§ DATA FOR PROCESSING:
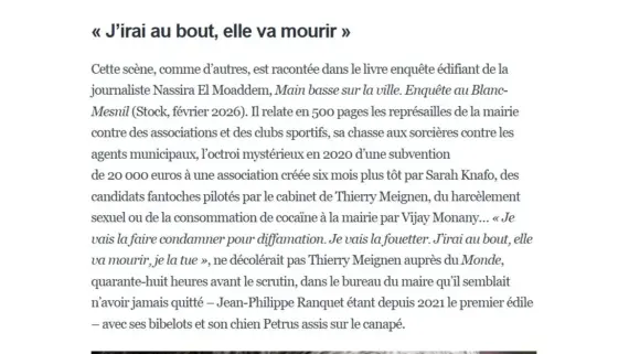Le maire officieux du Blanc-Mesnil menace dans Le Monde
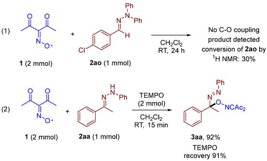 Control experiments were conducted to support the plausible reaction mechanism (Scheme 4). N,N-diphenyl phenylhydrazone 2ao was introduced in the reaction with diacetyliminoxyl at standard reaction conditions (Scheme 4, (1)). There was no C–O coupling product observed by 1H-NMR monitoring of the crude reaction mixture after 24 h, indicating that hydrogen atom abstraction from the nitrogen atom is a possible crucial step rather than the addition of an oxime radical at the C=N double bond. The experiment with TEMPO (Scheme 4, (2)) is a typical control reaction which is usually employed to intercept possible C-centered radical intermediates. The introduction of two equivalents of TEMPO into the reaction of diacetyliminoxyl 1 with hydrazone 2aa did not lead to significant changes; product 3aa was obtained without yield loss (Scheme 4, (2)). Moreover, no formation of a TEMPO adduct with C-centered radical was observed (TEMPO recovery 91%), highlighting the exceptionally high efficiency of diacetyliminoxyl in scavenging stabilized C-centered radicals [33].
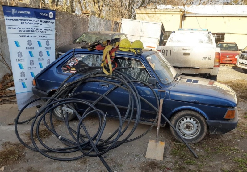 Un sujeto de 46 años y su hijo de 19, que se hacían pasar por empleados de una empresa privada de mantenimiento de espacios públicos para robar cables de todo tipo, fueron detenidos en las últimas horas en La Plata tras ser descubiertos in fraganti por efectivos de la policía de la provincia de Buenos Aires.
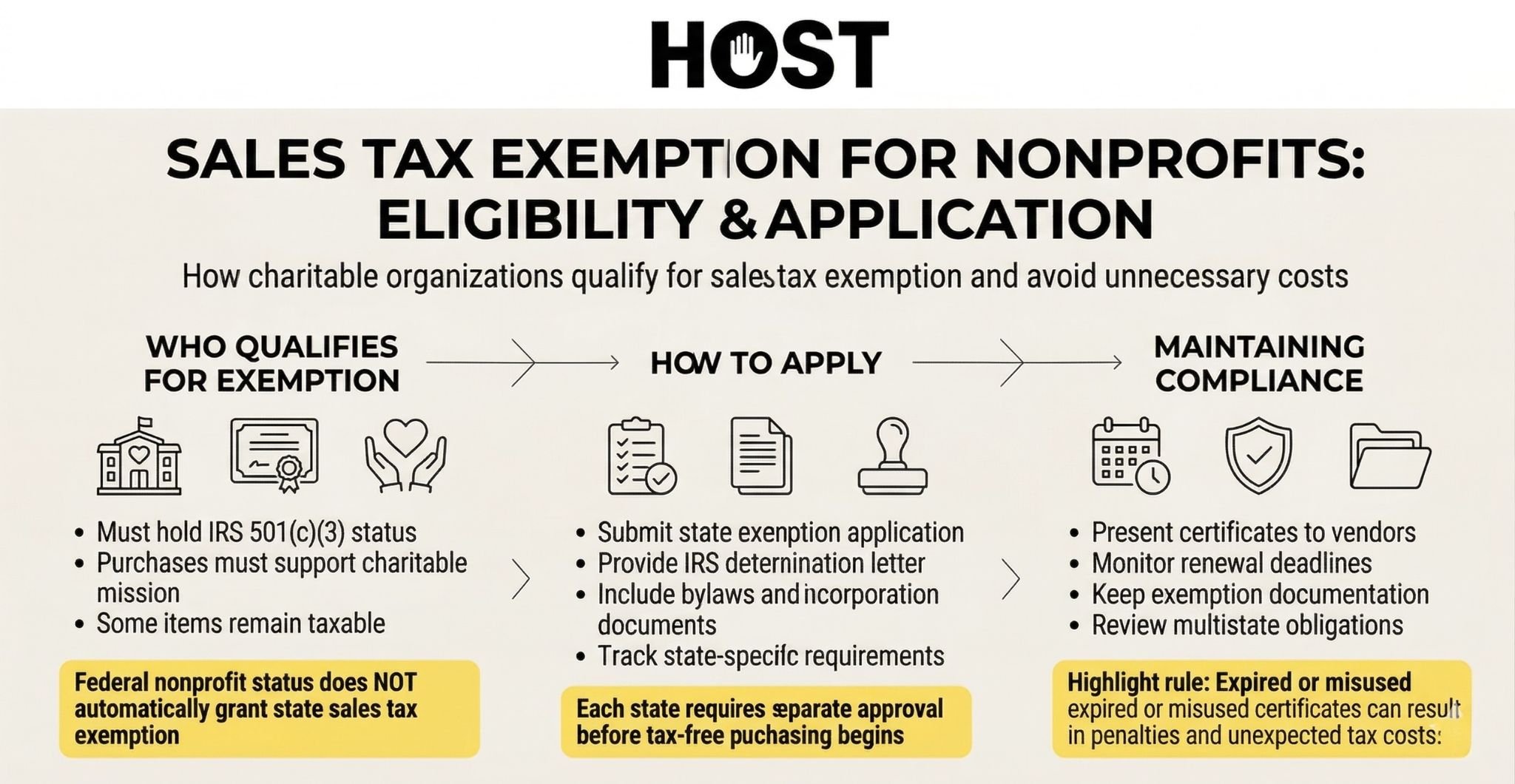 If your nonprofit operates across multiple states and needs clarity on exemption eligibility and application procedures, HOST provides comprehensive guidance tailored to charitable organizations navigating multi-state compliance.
==
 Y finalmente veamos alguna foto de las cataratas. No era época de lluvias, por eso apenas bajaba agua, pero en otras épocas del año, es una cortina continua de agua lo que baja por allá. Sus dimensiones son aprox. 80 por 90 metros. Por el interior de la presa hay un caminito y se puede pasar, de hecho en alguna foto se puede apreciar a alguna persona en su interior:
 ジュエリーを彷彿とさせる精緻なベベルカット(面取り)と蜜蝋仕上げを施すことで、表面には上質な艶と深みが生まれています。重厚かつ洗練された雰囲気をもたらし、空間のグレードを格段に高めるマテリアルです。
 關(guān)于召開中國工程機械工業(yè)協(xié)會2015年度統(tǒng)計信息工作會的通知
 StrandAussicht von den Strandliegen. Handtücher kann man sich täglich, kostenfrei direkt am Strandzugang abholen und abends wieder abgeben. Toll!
--
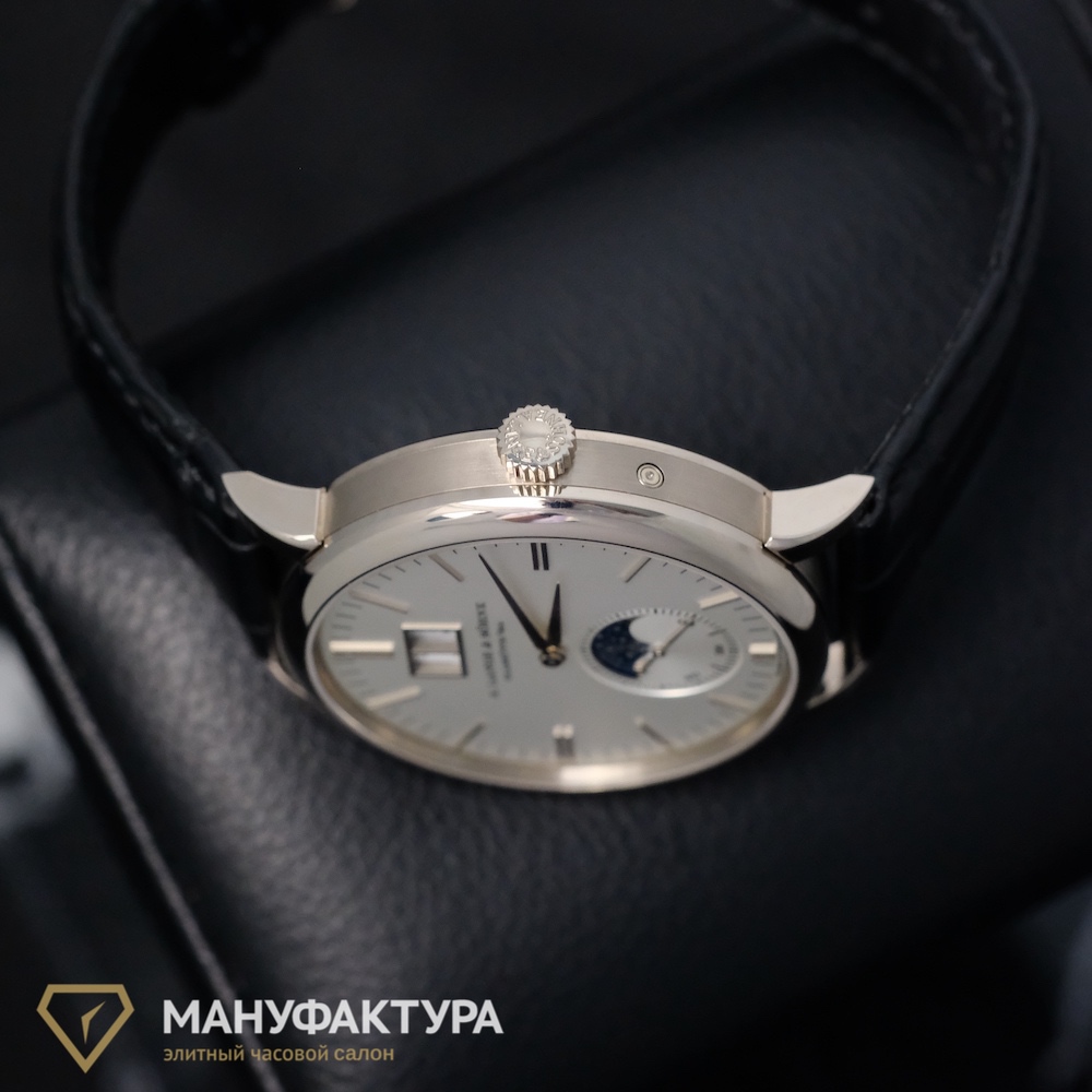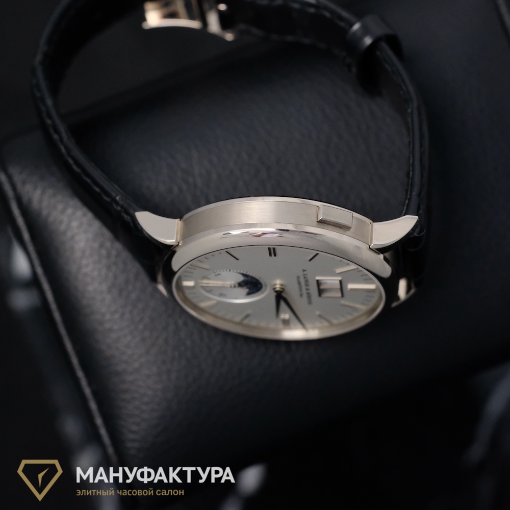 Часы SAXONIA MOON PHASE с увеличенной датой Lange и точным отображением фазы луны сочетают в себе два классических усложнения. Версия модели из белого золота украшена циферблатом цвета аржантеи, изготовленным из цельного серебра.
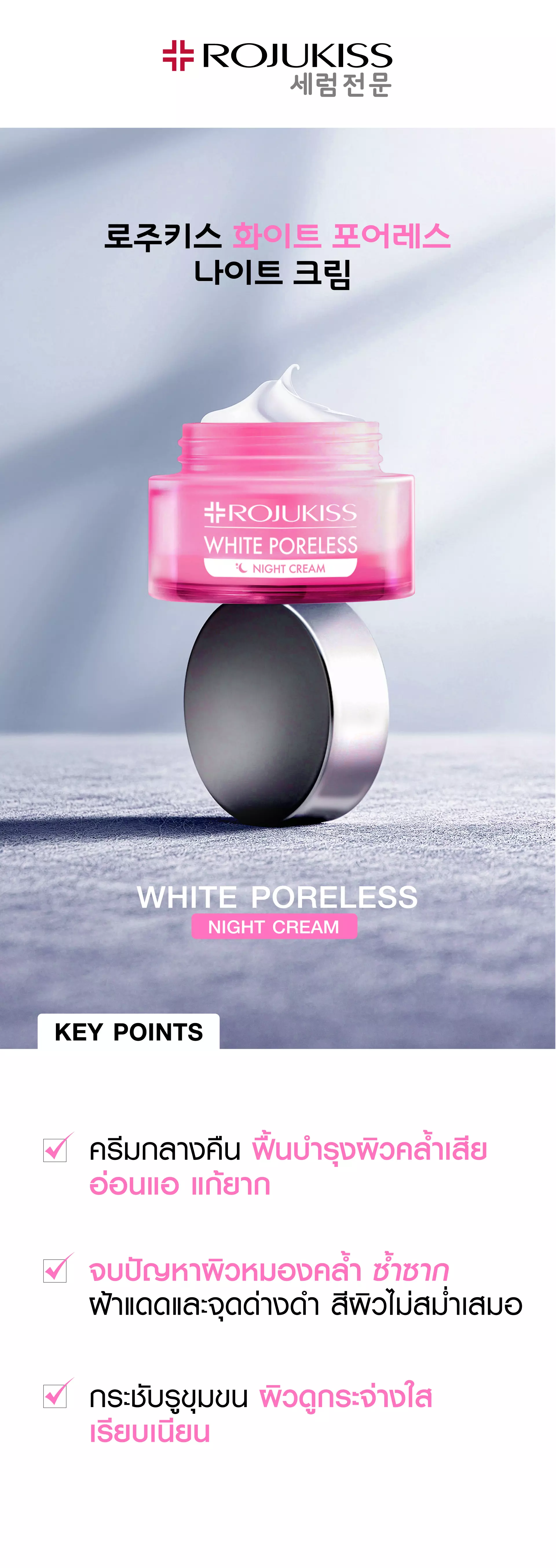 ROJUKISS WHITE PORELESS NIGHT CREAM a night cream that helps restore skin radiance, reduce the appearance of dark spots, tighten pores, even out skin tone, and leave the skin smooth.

§ WHAT THIS TASK INVOLVES: Go to the line above holding "Un sujeto de", then copy exactly each line down to and including the one holding "If your nonprofit", leaving pictures out.

§ RESPONSE AREA:
 Un sujeto de 46 años y su hijo de 19, que se hacían pasar por empleados de una empresa privada de mantenimiento de espacios públicos para robar cables de todo tipo, fueron detenidos en las últimas horas en La Plata tras ser descubiertos in fraganti por efectivos de la policía de la provincia de Buenos Aires.
 If your nonprofit operates across multiple states and needs clarity on exemption eligibility and application procedures, HOST provides comprehensive guidance tailored to charitable organizations navigating multi-state compliance.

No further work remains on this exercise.